GB: à peine élu, le "Mr Propre" du Parlement sous le feu des critiques

LONDRES (AFP) — Elu à la tête de la Chambre des Communes, le conservateur John Bercow s'est posé mardi en "Mr Propre" du Parlement britannique, mais les critiques dont il est déjà la cible font douter de sa capacité de réformer une institution minée par le scandale des notes de frais.

"Je veux mettre en oeuvre un programme de réformes, de renouveau, de revitalisation": dans le discours qui allait convaincre la Chambre de l'élire, lundi soir, John Bercow a tenu à se présenter comme le réformateur qui nettoiera les écuries d'Augias.

Son prédécesseur, le travailliste Michael Martin, avait été contraint à la démission, la première en plus de trois siècles, pour sa gestion jugée désastreuse du scandale des notes de frais des députés, un des plus importants de ces dernières années au Royaume-Uni.

Depuis plus d'un mois, la presse égrène les libertés prises par un grand nombre des 646 députés avec ce système légal qui prend en charge les frais des députés afférents à une résidence secondaire, mais considéré comme laxiste.

Des élus se sont fait rembourser des intérêts d'emprunts pourtant échus, du rouge à lèvres, des croquettes pour chien ou une cuvette de toilette. Une quinzaine de députés ont démissionné ou renoncé à se représenter, dont plusieurs ministres.

Mais le nouveau "speaker", président de la Chambre basse du Parlement et premier juif à ce poste, aura-t-il l'autorité suffisante pour mener à bien la réforme de ce qui est souvent qualifié comme "la mère des Parlements"?

La presse qui le qualifie de "Mr Propre", rappelle à l'envi que ce fils d'un chauffeur de taxi a lui aussi été éclaboussé par le scandale des notes de frais: la sienne fait notamment apparaître une demande de remboursement de 1.100 livres (environ 1.300 euros) pour faire déboucher ses toilettes.

M. Bercow a promis mardi de ne pas réclamer de frais liés à l'entretien d'une résidence secondaire, dont pourtant il a droit.

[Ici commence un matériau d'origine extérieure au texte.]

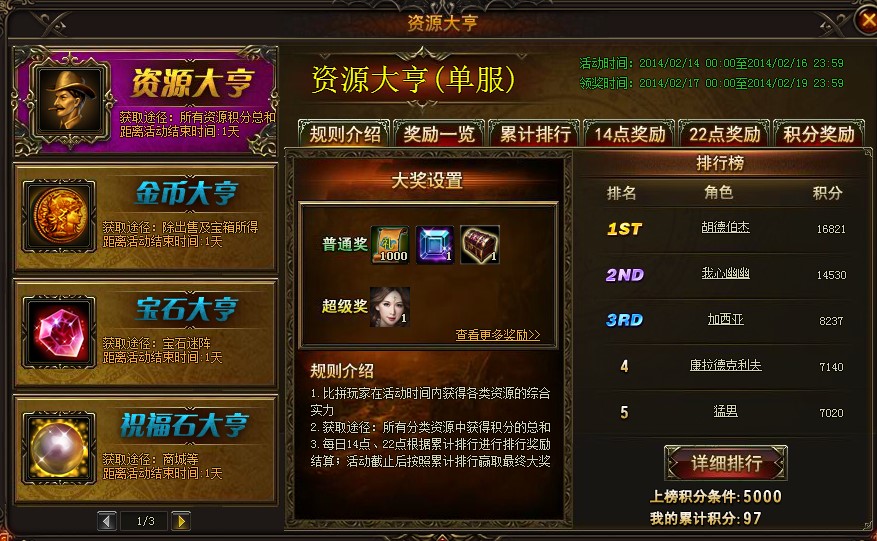 1.比拼玩家在活動時間內獲得各類資源的綜合實力;

Outre l'autorité morale, le premier conservateur à occuper le poste depuis 17 ans pourrait ne pas non plus avoir le soutien suffisant de la Chambre.

Ancien membre dans son adolescence d'un club conservateur très à droite, M. Bercow a aujourd'hui largement épousé les idées du Labour, en même temps qu'une femme proche des travaillistes. De quoi susciter l'ire de nombre de ses pairs au sein du parti tory.

Sa collègue Nadine Dorries a ainsi révélé mardi que le député de Birmingham (nord de Londres) n'avait recueilli que trois signatures dans son propre parti, sur 193 députés conservateurs.

L'élection n'est qu'une "vengeance" des travaillistes, a-t-elle jugé. Les conservateurs s'empresseraient ainsi de le renverser dès qu'ils seront élus aux prochaines législatives en 2010, comme le laissent prévoir les sondages.

C'est d'ailleurs des bancs Labour que les plus fortes acclamations sont parvenues lors de son élection lundi soir.

"Le nouveau Speaker est haï par les tories, corrompu par le scandale des notes de frais et fait face à un complot pour le renverser", écrit le Daily Mail (droite).

"John Bercow est un homme à deux faces: d'un côté, le réformateur articulé et passionné; de l'autre, le traditionnaliste qui veut porter les atours du Speaker", écrit le Times (centre-droit).